|Jason Kelly Johnson and Nataly Gattegno of FutureForms at their studios in Dogpatch, San Francisco, CA.|
This one-night pop-up used digital projection, light and sound as a pied piper to gather the neighbors together.
The pop-up might have only been one night (for now) but Jason Kelly Johnson and Nataly Gattegno, the husband and wife team behind FutureForms have made it their mission to bring these types of spaces to cities worldwide.
FutureForms creates public art, immersive installations, shade canopies and interactive facades. An extreme simplification of their talent and vision is they create large urban art installations that make public spaces appealing and accessible places to gather. Their many projects under way include two art installations located nearby -- one for the park to be located near the under construction Marriott by the SF Giants ballpark and an installation by the new Uber headquarters located near the Chase Center. As the Pier 70 and the Power Station projects take shape they hope to be part of the discussions for the art that will activate the public spaces of those large projects as well.
Jason and Nataly and their two children live in Dogpatch and as do many businesses in Dogpatch, FutureForms started life in the American Industrial Center (AIC). They have grown from just the two of them in their first studio in 2013 to six employees and multiple studios within the AIC. In addition to running their company, they are both full-time associate professors at the CCA. We met with Jason and Nataly among the scale models in their studio for their various projects to find out more about their passion for bringing people together. We have blended our conversation with both of them into the following interview:
|Jason Kelly Johnson and Nataly Gattegno of FutureForms with photographs and models of their projects.|
There is a lot of satisfaction in having something we created out there in the world and to feel you influenced a place with your artistic vision. It is a great feeling to bring people together and to know that our art was the catalyst that brought them together. One of our favorite stories is a worker helping on an installation wanted to know when it would be finished so he could propose to his girlfriend there! Activating a public space is more interesting to us than creating private art installations that few people will get to experience. We want the whole family to show up to enjoy and experience the art -- whether it be an interactive piece (Editors Note: like the murmur wall installed at the Yerba Buena Center for the Arts in SF) or an immersive LED light and sound experience.

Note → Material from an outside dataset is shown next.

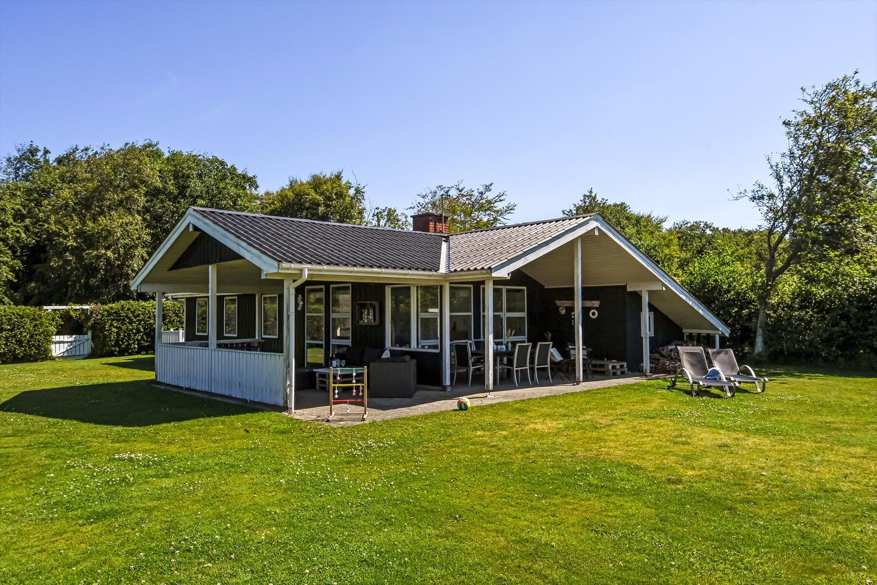Einen Großteil Ihres Urlaubs verbringen Sie bei schönem, warmen Wetter sicherlich im Garten. Dieser erweist sich aufgrund der zurückgezogenen Lage in einer Sackgasse als wahre Oase. Angenehme Erfrischungen verspricht die Außendusche. Auf der Grasfläche werden Ihre Kinder und Ihr Familienhund gern umhertollen und spielen. Gesellige Grillabende und entspannte Sonnenbäder genießen Sie auf dem großen Terrassenareal. Am späten Abend, wenn die Dunkelheit hereinbricht, ziehen Sie sich einfach auf den überdachten Terrassenbereich zurück.

Jason grew up in Canada and moved to New York as a teenager. Nataly grew up in Greece and first came to the U.S. for grad school.
We like to say that we are recovering architects. We met at grad school in 1999 at Princeton. We were both in the architecture program. We both have undergrad degrees in architecture as well. We began collaborating almost from the time we met on various design competitions and our company FutureForms really formed in 2005. After grad school the economy wasn't so great so we both accepted teaching positions at the University of Michigan. We knew our next step after those positions ended would be to find an urban area where we could live, teach and pursue our design projects. There are really only a few cities where you can do that and San Francisco fit all our requirements. We both applied to the CCA and accepted positions there.

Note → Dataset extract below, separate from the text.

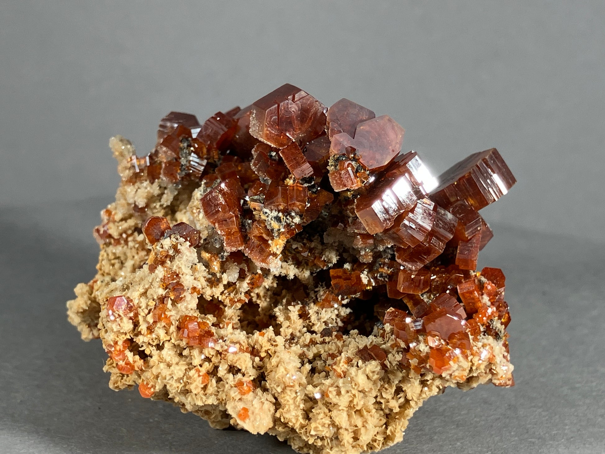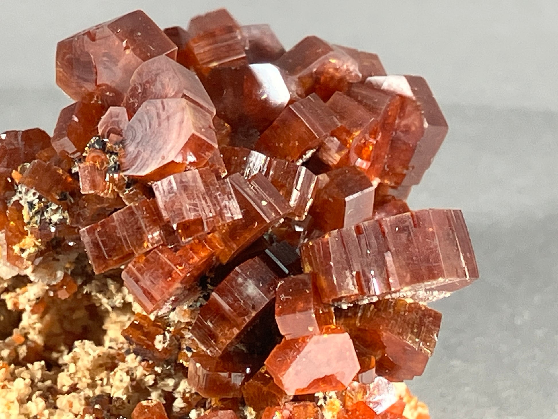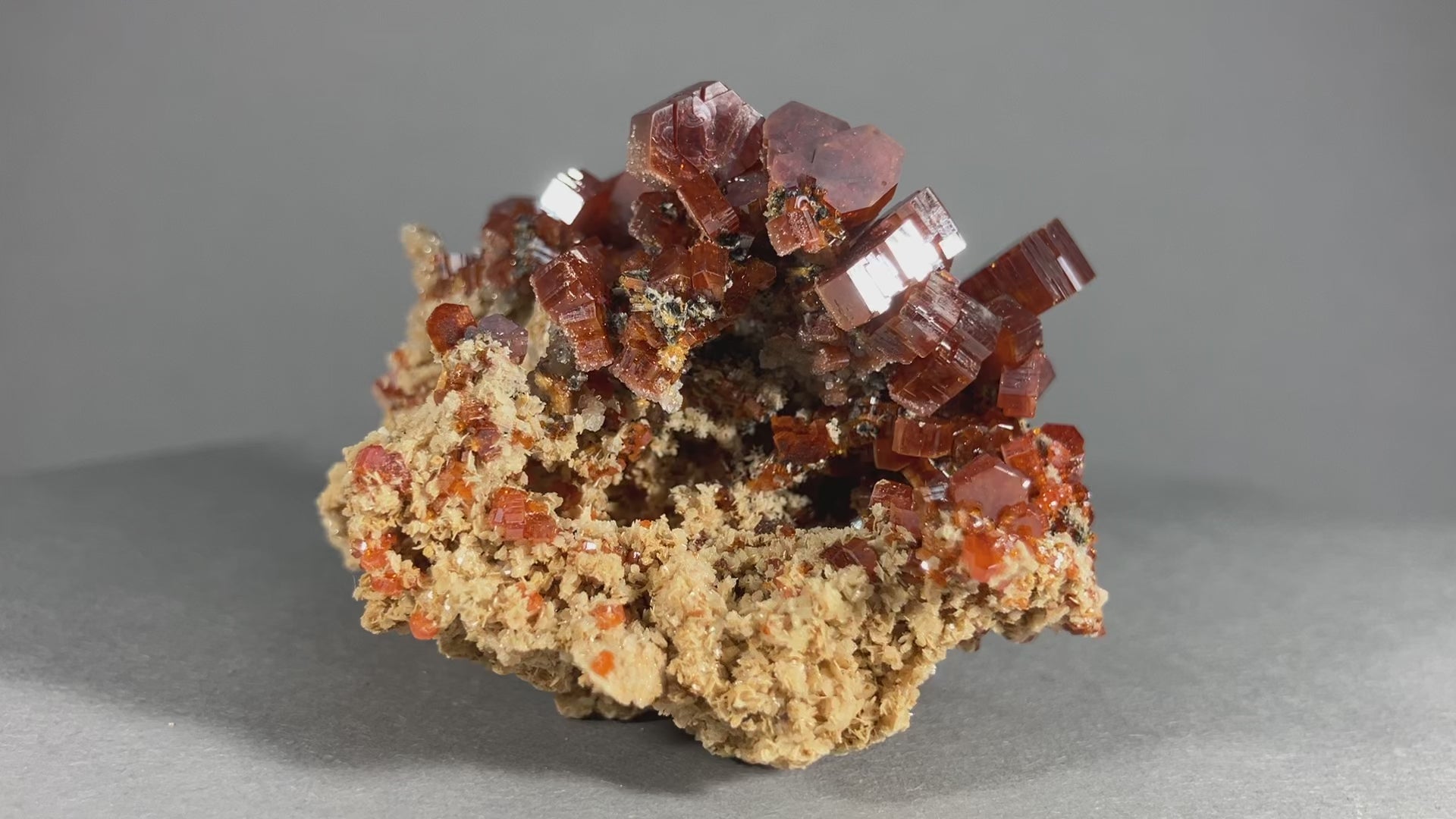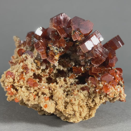 traumhafte und wunderschöne tiefrote Vanadinitkristalle auf Sandsteinmatrix. Dicktafelige Kristalle sitzen perfekt gewachsen auf der Matrix.

In the studio Jason primarily handles design and fabrication of the art pieces. Nataly is studio manager taking care of proposals, contracts and studio business.
Almost all of our work comes from developers and cities and some from private commissions. All of the projects are competitive bids. One of the benefits of our architecture background is that we can build scale models to showcase our plan for the installation. This helps explain our ideas and heads off any confusion that might cause problems once we are under way with a project. The models also really increase our win rate. Before we decide to bid on a project we look for well-crafted projects that will allow us to be adventurous with the design.
Although teaching full time as well as running our business makes for a very busy schedule we find that our designs benefit from being out in the world with our students. Teaching forces us to remain engaged with the world and that keeps us fresh. We are always hearing about new ideas and that improves our work. And our students are smart and optimistic so that rubs off on us as well!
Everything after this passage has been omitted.